*DIRECTIONS FOR THIS TASK*: Every line from the one containing "Get festive for" through the end of the listing below must be given again exactly, and nothing else; exclude pictures.

*PROVIDED MATERIAL*:
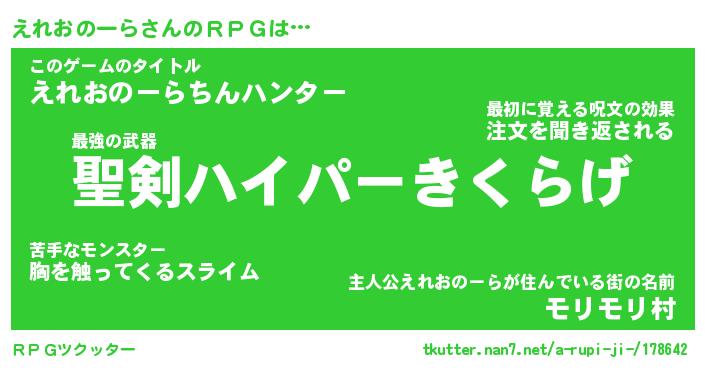 | 男性向けラノベタイトル風あだ名 | 『えれおのーらの憂鬱』 |
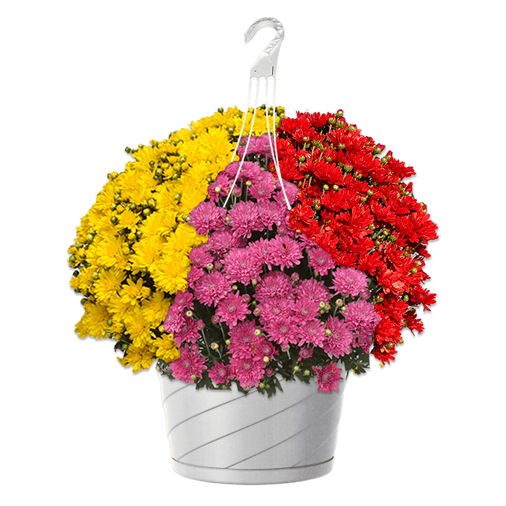 Get festive for fall with this combo hanging basket mum in the color pink, yellow and red. Whether it’s a patio, porch, balcony, or fire-pit seating area, these containers make decorating your outdoor spaces a breeze.
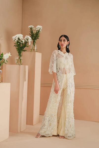 Introducing a timeless masterpiece from Khakaa's "Série Luxuriante'23" collection, where the elegance of ivory and white comes together in perfect harmony. The long jacket, adorned with exquisite tassels on the front and sleeves, adds a touch of opulence, while the intricate cut dana detailing enhances the overall charm. Paired with bootcut pants, this ensemble perfectly complements its glamorous allure. A true work of art, this 100% original creation effortlessly captures attention, making it an impeccable choice for sophisticated occasions.
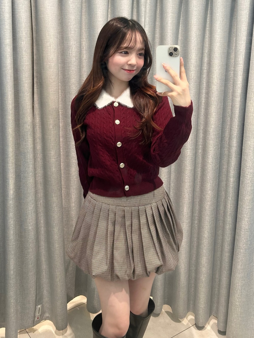 Yu.(OLIVE des OLIVE 渋谷109店)のトップス「フェザー衿カーディガン」を使ったコーディネート
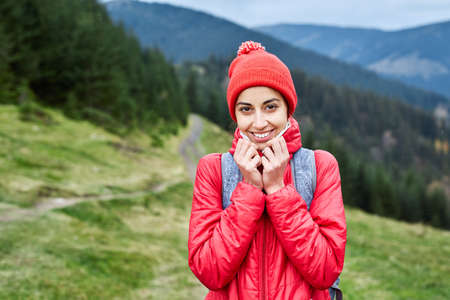 woman hiker with backpack, wearing in red jacket and orange pants, standing on the mountains and woods background, Western Ukraine.
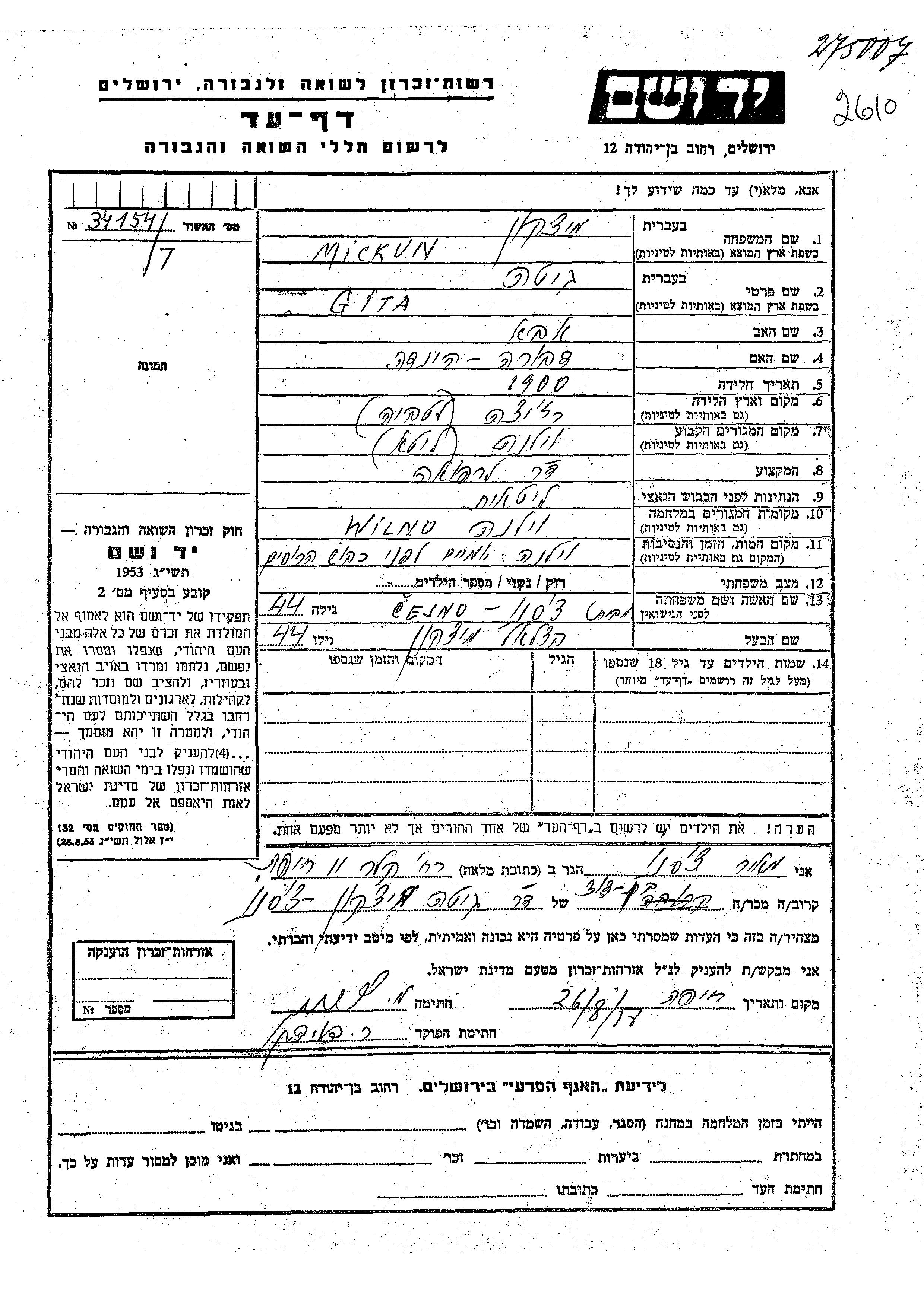 Mickun Gita 1900 Wilno, Pologne Feuille de témoignage
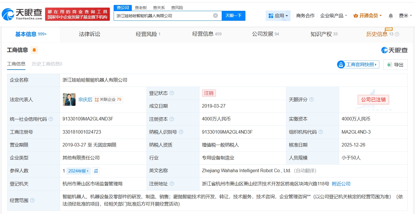 雷达财经讯,天眼查工商信息显示,近日,浙江娃哈哈智能机器人有限公司登记状态由存续变更为注销。
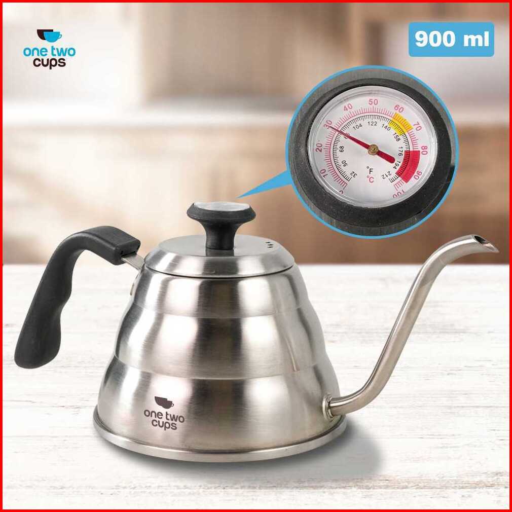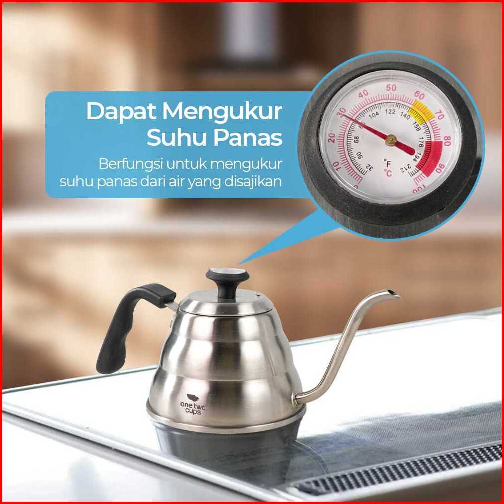 One Two Cups Teko Kopi Leher Angsa Pour Over Kettle Thermometer 900ml - Lzp-8003

*RESPONSE AREA*:
 Get festive for fall with this combo hanging basket mum in the color pink, yellow and red. Whether it’s a patio, porch, balcony, or fire-pit seating area, these containers make decorating your outdoor spaces a breeze.
 Introducing a timeless masterpiece from Khakaa's "Série Luxuriante'23" collection, where the elegance of ivory and white comes together in perfect harmony. The long jacket, adorned with exquisite tassels on the front and sleeves, adds a touch of opulence, while the intricate cut dana detailing enhances the overall charm. Paired with bootcut pants, this ensemble perfectly complements its glamorous allure. A true work of art, this 100% original creation effortlessly captures attention, making it an impeccable choice for sophisticated occasions.
 Yu.(OLIVE des OLIVE 渋谷109店)のトップス「フェザー衿カーディガン」を使ったコーディネート
 woman hiker with backpack, wearing in red jacket and orange pants, standing on the mountains and woods background, Western Ukraine.
 Mickun Gita 1900 Wilno, Pologne Feuille de témoignage
 雷达财经讯,天眼查工商信息显示,近日,浙江娃哈哈智能机器人有限公司登记状态由存续变更为注销。
 One Two Cups Teko Kopi Leher Angsa Pour Over Kettle Thermometer 900ml - Lzp-8003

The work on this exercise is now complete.